Я закрываю глаза и шепчу:
— Я хочу. Очень.
Патрик прижимает меня к себе и целует — очень нежно.
— Это действительно правда? Ты этого хочешь?
Я киваю. Я вот-вот могу разрыдаться, поэтому не доверяю своему голосу и молчу.
— Ладно, — говорит Патрик, — тогда мы пойдем навестить Бедфорда. Потом нужно будет вернуться домой и рассказать Рою новости. Что у него теперь есть собака. Он не придет в восторг, уж поверь.
Мы снова пускаемся в путь, и небо становится темнее, и да, возможно, везде, куда я ни посмотрю, виднеются искры, а может, это просто горят уличные фонари и блестит снег. Мы не можем перестать улыбаться.

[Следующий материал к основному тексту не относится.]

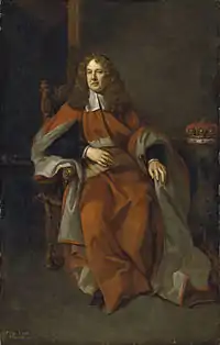 He had one surviving daughter, Elizabeth, by his first wife, Elizabeth Wandesford.[4] By his second wife, Jane, only daughter of Colonel Arthur Goodwin and heiress to the extensive Goodwin estates in Buckinghamshire, he had seven additional children: Anne, Margaret, Thomas Wharton, 1st Marquess of Wharton, Mary, Goodwin, Philadelphia, and Henry.[4] On 21 April 1658, his second wife Jane died and on 26 August 1661, he married for the third time. Lord Wharton married Anne Popham (née Carr), the widow of Colonel Edward Popham. Anne brought two children from her marriage with Edward: Letitia aged 13 and Alexander aged 12. Alexander was a deaf-mute and under the guidance of Dr. John Wallis in Oxford, was one of the first deaf people in the world to learn to speak. Lord Wharton and his third wife had a son named William, born around June/July 1662.[4] William died on 14 December 1687, killed in a duel.

Шагать по улице, улыбаться и держаться за руки.
— Ты ведь знаешь, да, что нас ждет куча проблем? — произносит он где-то через полквартала. — Это будет все равно что…
— Патрик, — говорю я.
— Что?
— Возможно, будет лучше, если ты сейчас помолчишь, чтобы я могла полюбить тебя еще сильнее, я думаю о том, как буду вытаскивать тебя из кокона.
— Ты сказала, вытаскивать из кокона? Меня?
— Да, — киваю я. — Да! Да! Да! Я не думала ни о чем другом.
— Если бы ты это писала, ты бы поставила запятые между всеми этими «да»?
Я останавливаюсь, обнимаю Патрика, и он целует меня снова и снова. И это лучшие, действительно лучшие поцелуи, между которыми стоят восклицательные знаки. Как и после всех «да» отныне и впредь.